Ahram Online , Thursday 19 Feb 2026

A report released Thursday by the UN Human Rights Office said Israel’s increased attacks and forcible transfers of Palestinians in Gaza and the West Bank raise concerns of “ethnic cleansing,” warning that some actions could amount to “genocide” if intent to destroy a group is established.

West Bank
A Palestinian woman reacts as Israeli bulldozers demolish an apartment building belonging to the Salhab family near the Israeli settlement of Hagai, south of the occupied West Bank city of Hebron. AFP

 

The report comes amid ongoing proceedings at the International Court of Justice (ICJ) against Israel over a plausible charge of committing genocide in Gaza. The court has ordered it to take all measures within its power to prevent such acts under the Genocide Convention.

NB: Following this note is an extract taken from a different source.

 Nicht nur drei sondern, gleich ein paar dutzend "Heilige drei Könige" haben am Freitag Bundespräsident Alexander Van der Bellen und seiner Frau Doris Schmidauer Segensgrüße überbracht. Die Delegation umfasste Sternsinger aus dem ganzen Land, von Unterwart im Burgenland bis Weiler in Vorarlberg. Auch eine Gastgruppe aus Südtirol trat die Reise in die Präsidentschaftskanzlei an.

In a 72-page report released on September 16, 2025, an Independent International Commission of Inquiry established by the UN Human Rights Council concluded that Israel has committed genocide against Palestinians in Gaza, finding reasonable grounds that Israeli authorities and security forces carried out acts with intent to destroy the group in whole or in part.

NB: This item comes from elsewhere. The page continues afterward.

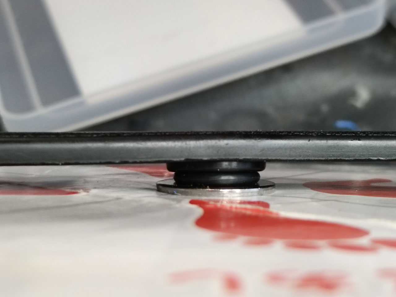 間に挟んだゴム製のOリングをカッターで切り取って抜き取って隙間を作ってあげます。

Since the outbreak of Israel's genocidal war on the Gaza Strip in October 2023, Israeli forces have killed 72,051 Palestinians and wounded 171,706 others, most of them women and children.

The report released Thursday, covering November 1, 2024 to October 31, 2025, said the cumulative impact of Israel's military conduct during the war in Gaza, along with its blockade of the territory, had inflicted living conditions “increasingly incompatible with Palestinians' continued existence as a group in Gaza”.

“Intensified attacks, the methodical destruction of entire neighbourhoods and the denial of humanitarian assistance appeared to aim at a permanent demographic shift in Gaza”, the office said.

“This, together with forcible transfers, which appear to aim at a permanent displacement, raise concerns over ethnic cleansing in Gaza and the West Bank.”

In Gaza, the report condemned the continued killing and maiming of “unprecedented numbers of civilians”, the spread of famine, and destruction of the “remaining civilian infrastructure”.

During the 12 months covered in the report, at least 463 Palestinians, including 157 children, starved to death in Gaza, it said.

“Palestinians faced the inhumane choice of either starving to death or risking being killed while trying to get food,” the report said.

“The situation of famine and malnutrition was the direct result of actions taken by the Israeli government,” with the deaths and suffering from hunger “foreseeable and repeatedly foretold”.

“Any use of starvation of the civilian population as a method of war constitutes a war crime, such conduct may also constitute crimes against humanity if committed as part of a systematic or widespread attack against a civilian population.”

“And, if carried out with intent to destroy a national, ethnical, racial or religious group in whole or in part, may also constitute genocide.”

In the occupied West Bank and annexed East Jerusalem, the report said the “systematic use of unlawful force” by Israeli security forces, “widespread” arbitrary detention and the “extensive unlawful demolition” of Palestinian homes was being carried out to “systematically discriminate, oppress, control and dominate the Palestinian people”.

“These violations were "altering the character, status and demographic composition of the occupied West Bank, raising serious concerns of ethnic cleansing", it said.

The report concluded that considered together, Israeli practices “indicated a concerted and accelerating effort to consolidate annexation of large parts of the Occupied Palestinian Territory and to deny Palestinians' right to self-determination”.

It also said there was a pervasive climate of impunity for serious violations of international law by the Israeli authorities in the Palestinian territories.

Last week, UN rights chief Volker Turk warned that the world was witnessing “rapid steps to change permanently the demography of the occupied Palestinian territory”.

On Tuesday, Israel's far-right Finance Minister Bezalel Smotrich vowed to encourage “emigration” from the Palestinian territories.

And on Wednesday, UN Under-Secretary-General Rosemary DiCarlo warned the Security Council that steps by Israel to tighten control of areas of the West Bank administered by the Palestinian Authority amount to “gradual de facto annexation”.

“Impunity is not abstract -- it kills. Accountability is indispensable. It is the prerequisite for a just and durable peace in Palestine and Israel,” Turk said in a statement.